Although he has an inflated impression of my capabilities, what I can do is to promise to try and help him by at least asking the rest of us who are interested in the causes that Satendra has been espousing dauntlessly, in the face of callous disregard to the word of the law, to start some kind of more visible protest/campaign to force the government to stop paying lip service to the alleged law of the land and to put its money where its mouth is.  


  1. A big ‘like’ for this info post. We’re following you with interest :)

    Let me share how our organization goes about creating accessible public spaces. Two of our volunteers were going past Marine Drive in Bombay and saw pavement laying and construction happening. They got down and asked. Big renovations were underway. So they went to Gulzar sa’ab, who called up the Mumbai Metropolitan Region Development Authority and convinced them that it should be made accessible for people with disabilities and that by doing so the city of Mumbai would be setting a model for the rest of the country to follow.

    So the MMRDA worked with Arushi and the new-look Marine Drive with its promenade and fountains, greenery and street furniture was designed keeping in mind the needs of persons with disabilities. A pathway for blind and wheelchair users; a disabled-friendly three kilometer stretch along the waterfront; ramps for entry and exit; and signboards placed above head level are the significant alterations done.

    It is not always apathy or insensitivity but lack of awareness.
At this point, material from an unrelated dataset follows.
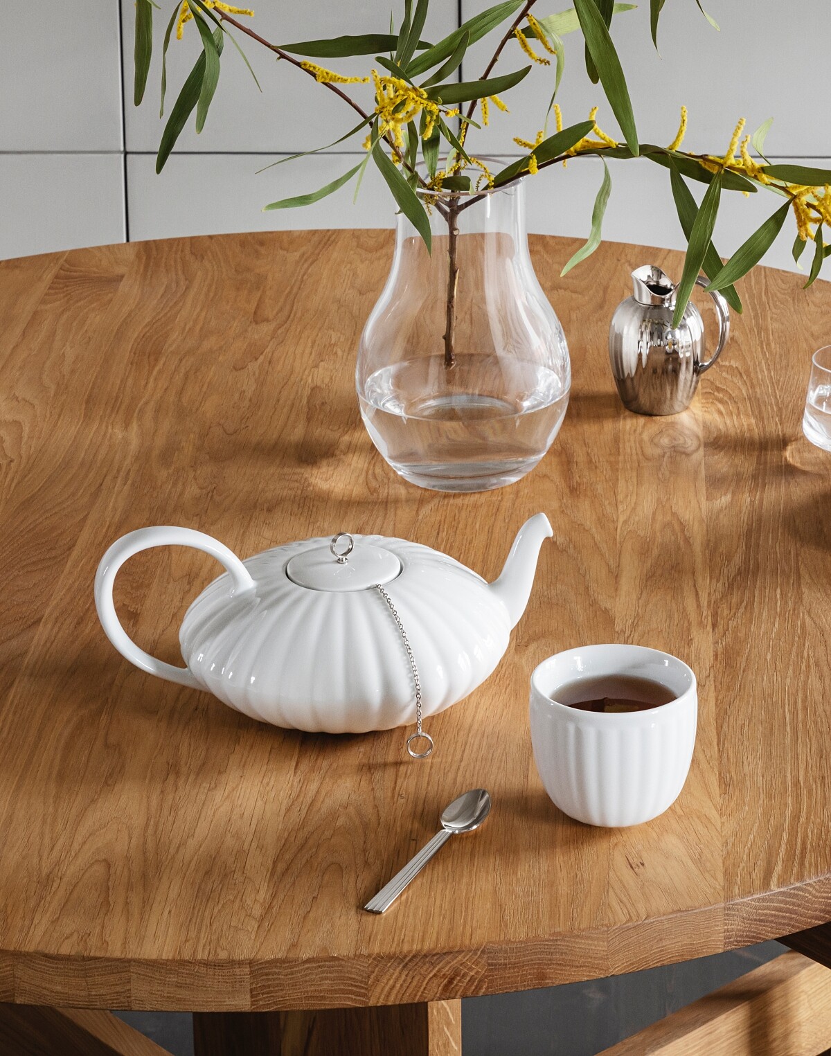 以白陶瓷打造的南瓜造型茶壺,搭配具有隔熱功能的茶杯,外觀使用細膩的刻紋裝飾,優雅示範了北歐的工藝、美學,也用以致敬西瓦德・伯納多的經典設計。茶壺內含掛鏈式不鏽鋼過濾器,壺蓋上方裝飾鋼製細節,內裡則有矽膠密封圈,隔熱與密合結構讓品茶體驗更加臻致完美,白瓷茶杯使用雙層中空的白瓷結構,則具有隔熱功能。

People without disabilities need hand-holding too :)

    1. On a recent visit to Mumbai, I told this friend of mine I wanted to revisit Marine Drive, and I was very impressed with the ramp to access the pavement at the southern end (opposite NCPA). Good job. I agree a lot of our problems arise mainly because people don't try to see the world from different eyes; and that sensitising people to the existence of these problems is half the battle. (Very rarely does one see somebody who will deliberately refuse to help or sill harm a disabled person - although there do apparently exist the occasional pervert like the one who was reported in yesterday's paper to have given a drink laced with a sedative and then raped her mentally ill daughter!)

    2. yay!! I'm so glad to hear that, Professor :)

  2. Thanks Professor Sunder for this surprising post. Just one small addition to the list above. Bank of Baroda has constructed a ramp outside their ATM in my campus immediately after I filed complaint to CCPD. Things do happen, provided we make noise and I learnt it via your inaugural post in Timed of India :-)

    Dr Satendra Singh
    Single-legged (I'll take that) rebel at work :-)

    1. The last sentence in the italicised paragraph at the end of the post will show you why this post should not be surprising. Anyway, please keep up the good fight. This blog's aim is to encourage more people to emulate your inspiring example.